= Collection entries =
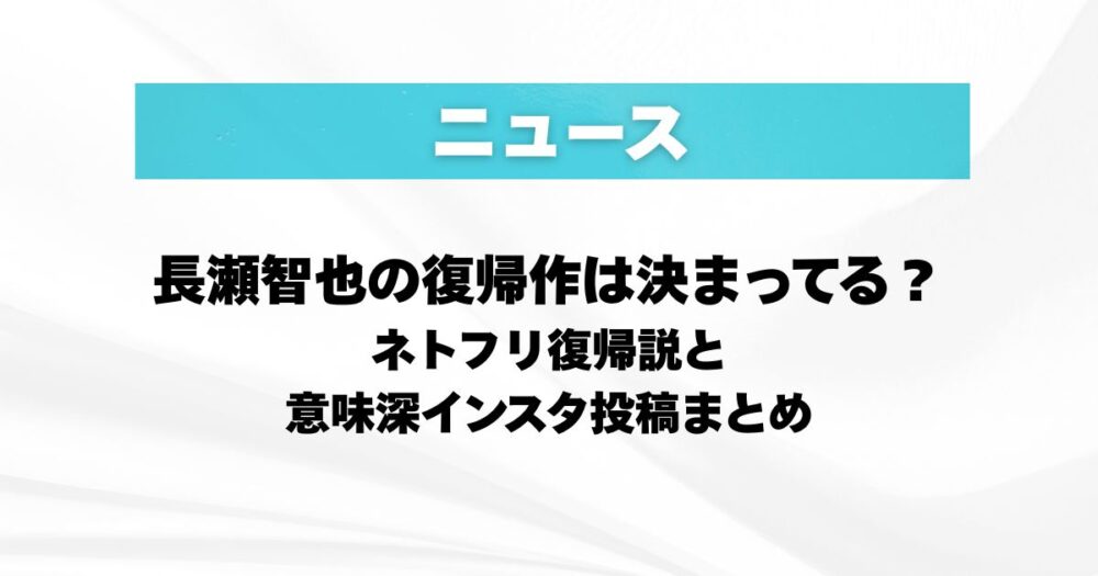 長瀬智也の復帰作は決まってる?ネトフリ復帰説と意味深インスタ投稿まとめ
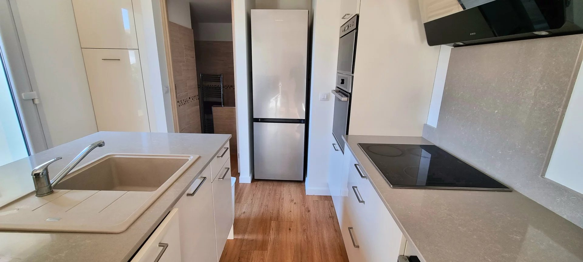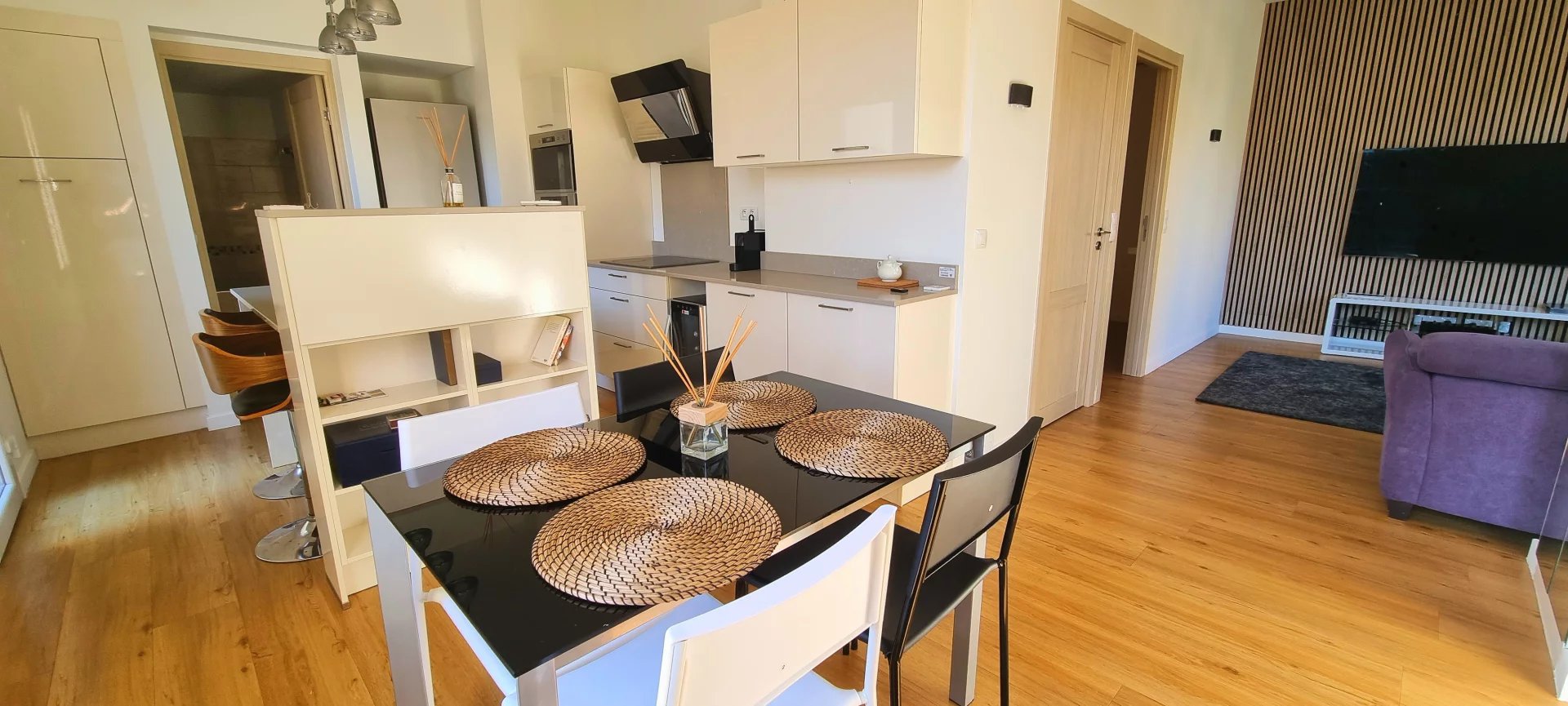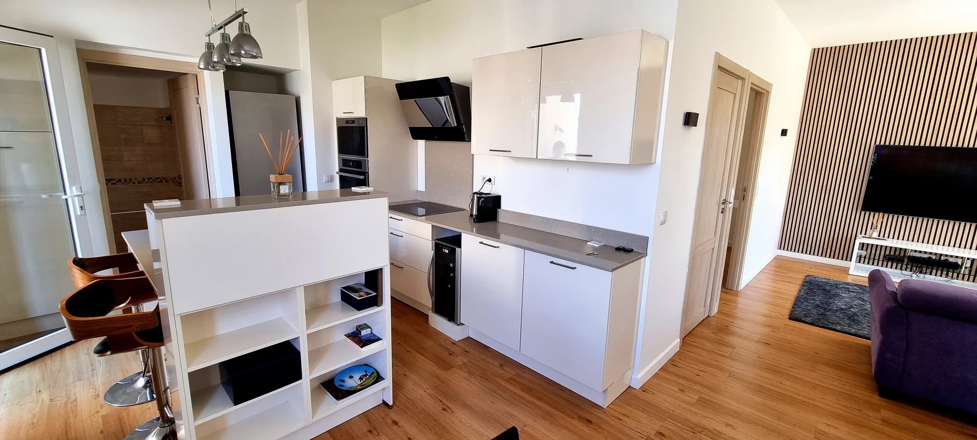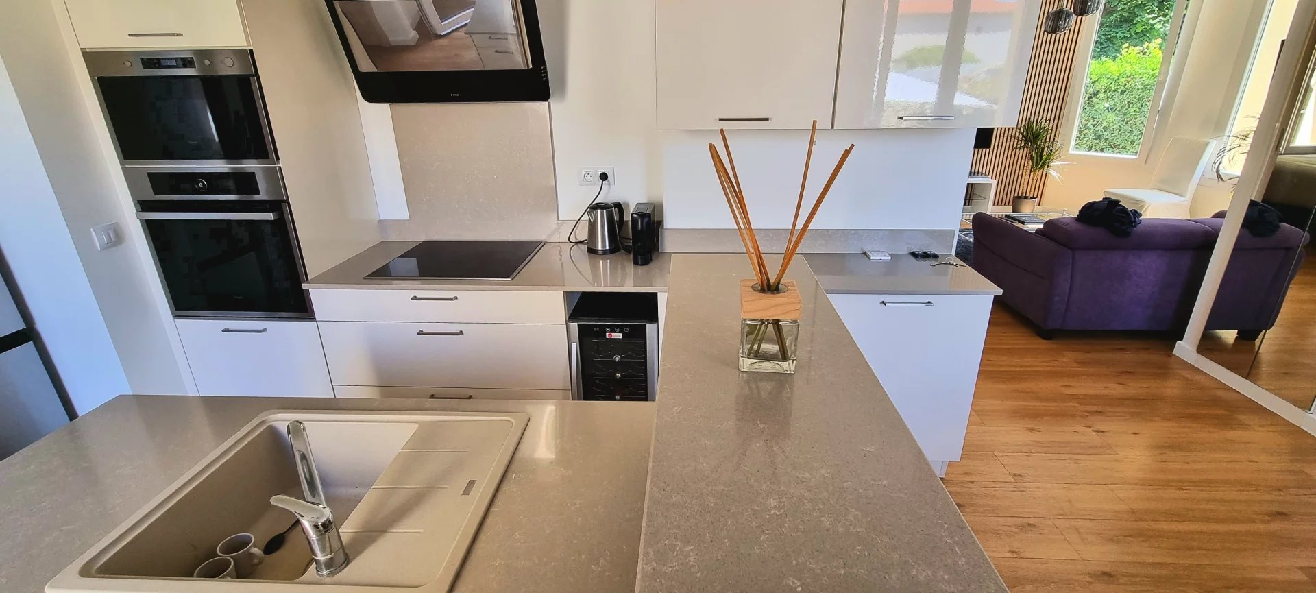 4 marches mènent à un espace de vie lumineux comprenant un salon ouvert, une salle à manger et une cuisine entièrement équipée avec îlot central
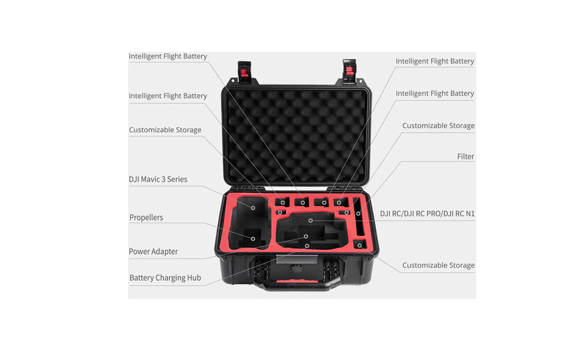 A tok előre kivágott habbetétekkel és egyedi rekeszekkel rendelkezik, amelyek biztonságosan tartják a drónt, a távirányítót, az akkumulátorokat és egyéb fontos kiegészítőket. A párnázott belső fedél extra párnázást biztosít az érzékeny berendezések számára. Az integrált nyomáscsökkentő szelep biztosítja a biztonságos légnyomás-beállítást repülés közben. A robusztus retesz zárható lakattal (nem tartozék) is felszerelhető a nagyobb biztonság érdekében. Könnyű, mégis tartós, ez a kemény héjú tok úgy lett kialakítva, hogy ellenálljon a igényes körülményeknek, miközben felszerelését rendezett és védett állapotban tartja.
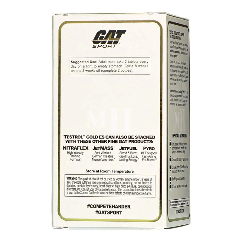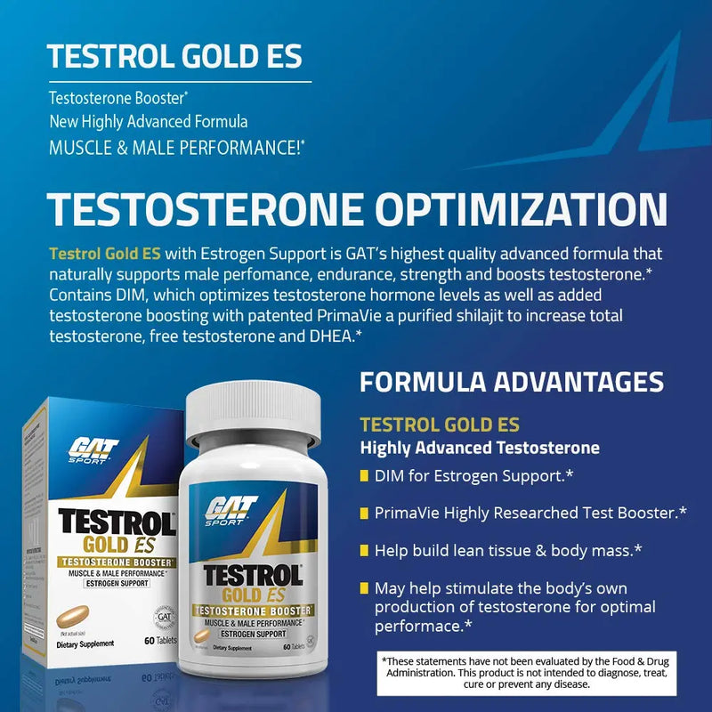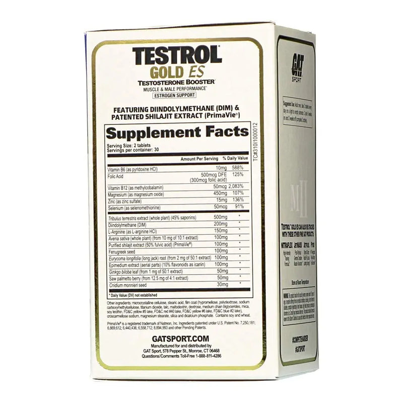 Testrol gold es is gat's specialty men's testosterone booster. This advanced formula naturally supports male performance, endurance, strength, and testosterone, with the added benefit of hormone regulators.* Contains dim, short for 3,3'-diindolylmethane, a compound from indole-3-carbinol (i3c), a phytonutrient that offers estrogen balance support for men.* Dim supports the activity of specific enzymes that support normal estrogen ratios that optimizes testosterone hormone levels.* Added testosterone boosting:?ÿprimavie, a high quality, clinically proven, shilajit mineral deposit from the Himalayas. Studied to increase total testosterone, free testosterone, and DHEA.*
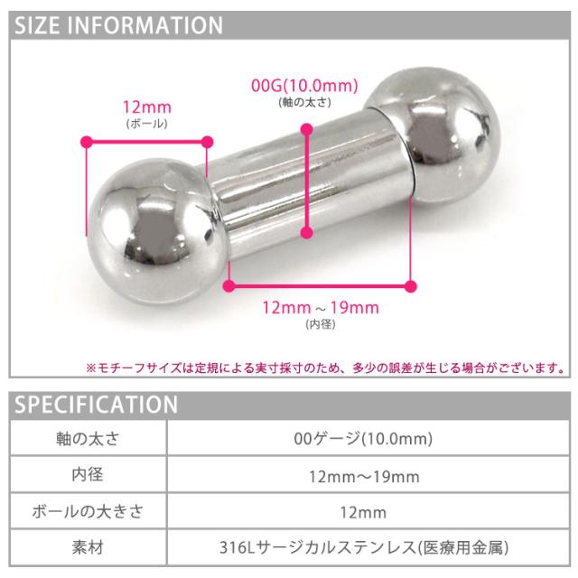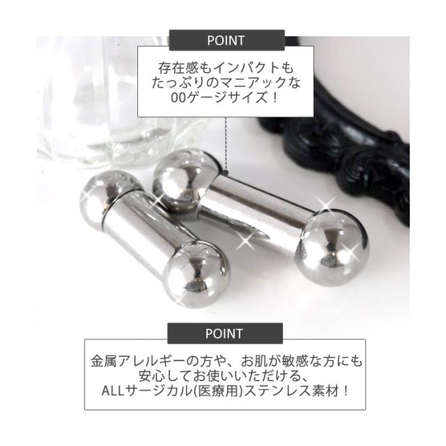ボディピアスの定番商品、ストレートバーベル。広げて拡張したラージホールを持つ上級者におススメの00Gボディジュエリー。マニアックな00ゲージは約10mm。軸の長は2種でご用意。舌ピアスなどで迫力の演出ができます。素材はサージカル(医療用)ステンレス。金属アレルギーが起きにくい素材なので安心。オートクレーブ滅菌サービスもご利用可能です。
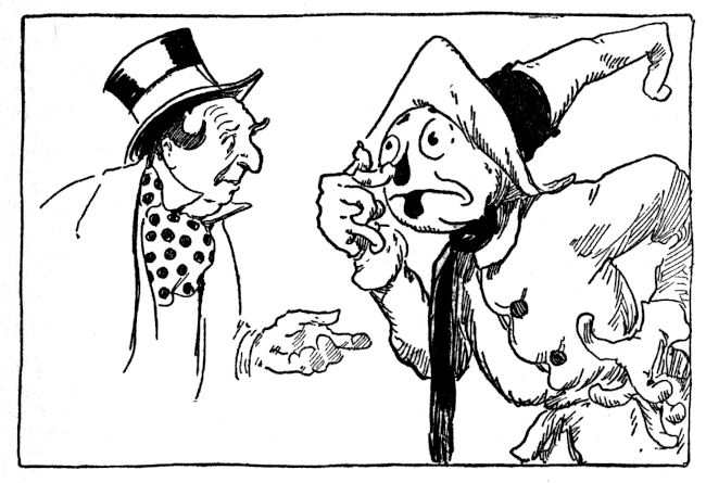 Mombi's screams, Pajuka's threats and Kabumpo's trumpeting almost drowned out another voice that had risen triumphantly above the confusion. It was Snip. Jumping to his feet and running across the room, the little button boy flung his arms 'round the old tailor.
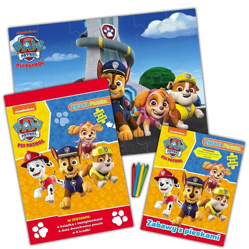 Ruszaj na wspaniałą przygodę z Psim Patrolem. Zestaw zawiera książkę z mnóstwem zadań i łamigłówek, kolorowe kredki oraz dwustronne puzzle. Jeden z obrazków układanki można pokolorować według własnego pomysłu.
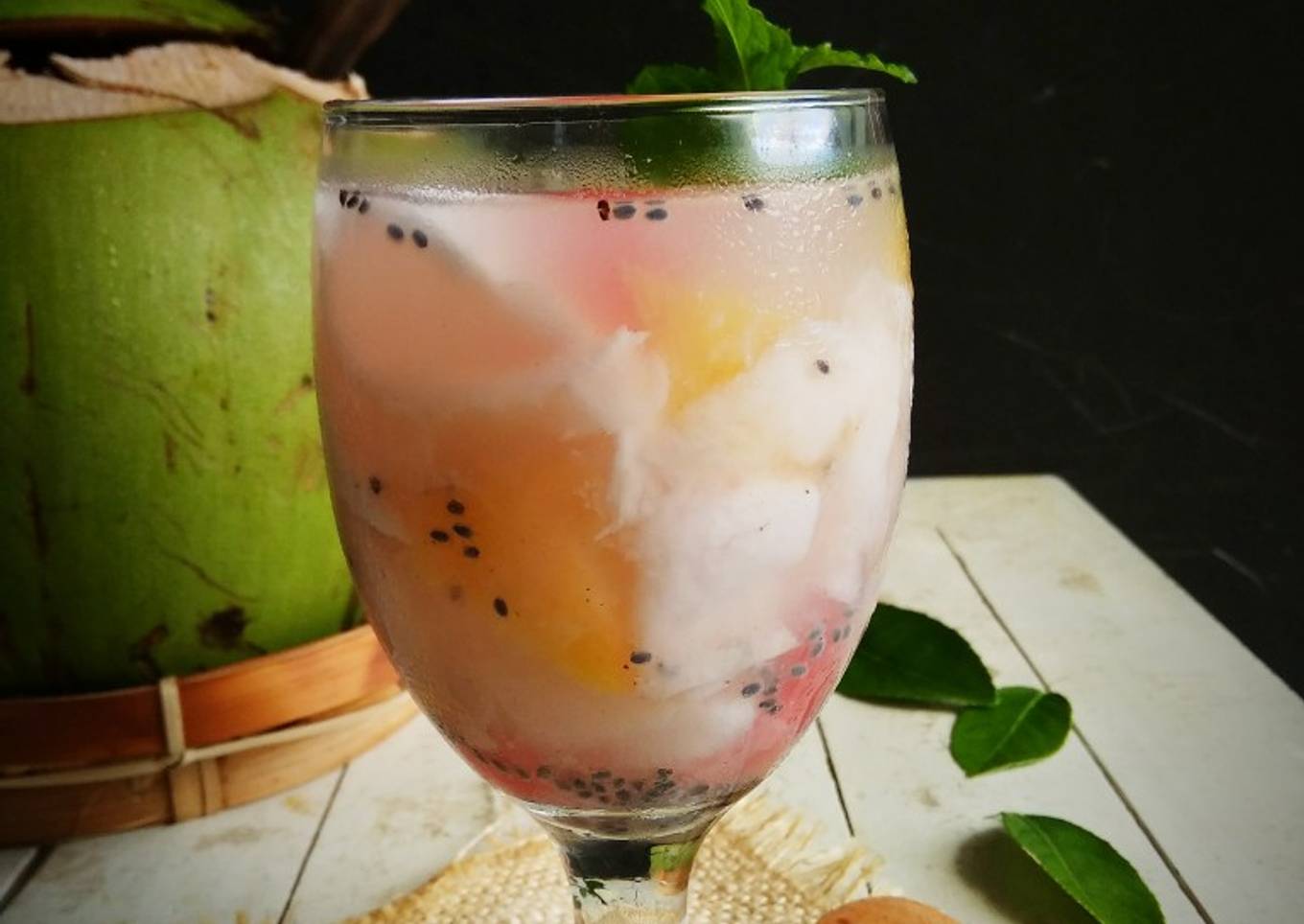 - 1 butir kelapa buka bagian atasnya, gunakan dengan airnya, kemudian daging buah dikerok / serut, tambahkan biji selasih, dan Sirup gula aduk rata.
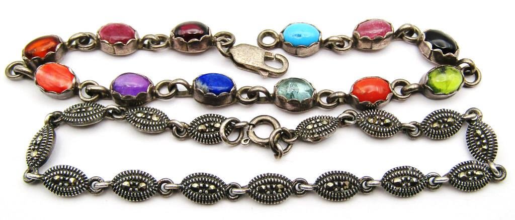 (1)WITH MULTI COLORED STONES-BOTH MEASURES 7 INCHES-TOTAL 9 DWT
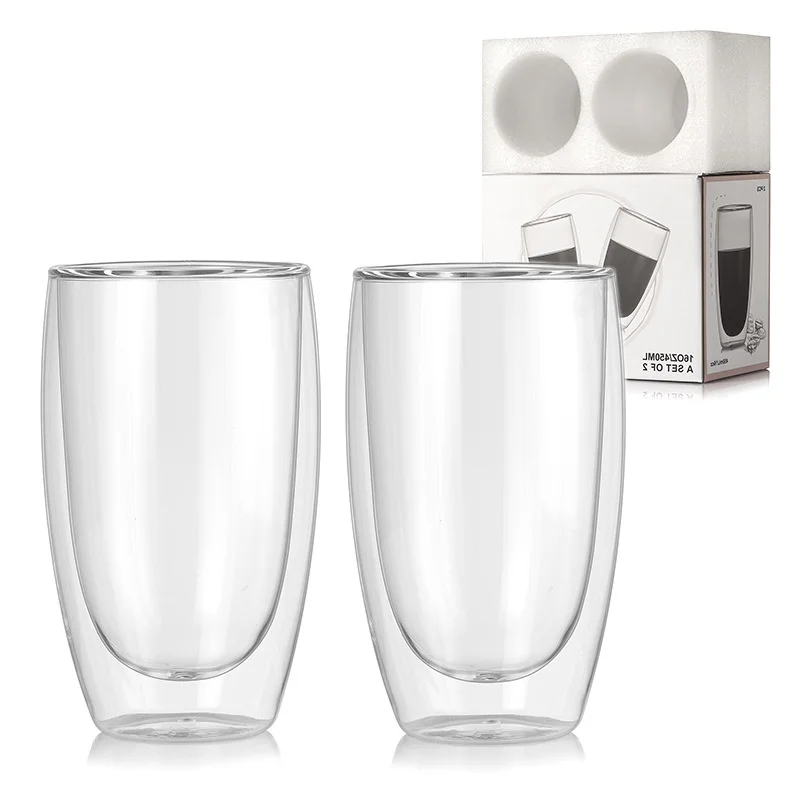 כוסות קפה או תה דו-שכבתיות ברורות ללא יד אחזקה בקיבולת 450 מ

= TASK PROMPT =
What you give back should be exactly the lines from the top of the data above down to and including the line with "4 marches mènent", minus any pictures.

= RESULT =
 長瀬智也の復帰作は決まってる?ネトフリ復帰説と意味深インスタ投稿まとめ
 4 marches mènent à un espace de vie lumineux comprenant un salon ouvert, une salle à manger et une cuisine entièrement équipée avec îlot central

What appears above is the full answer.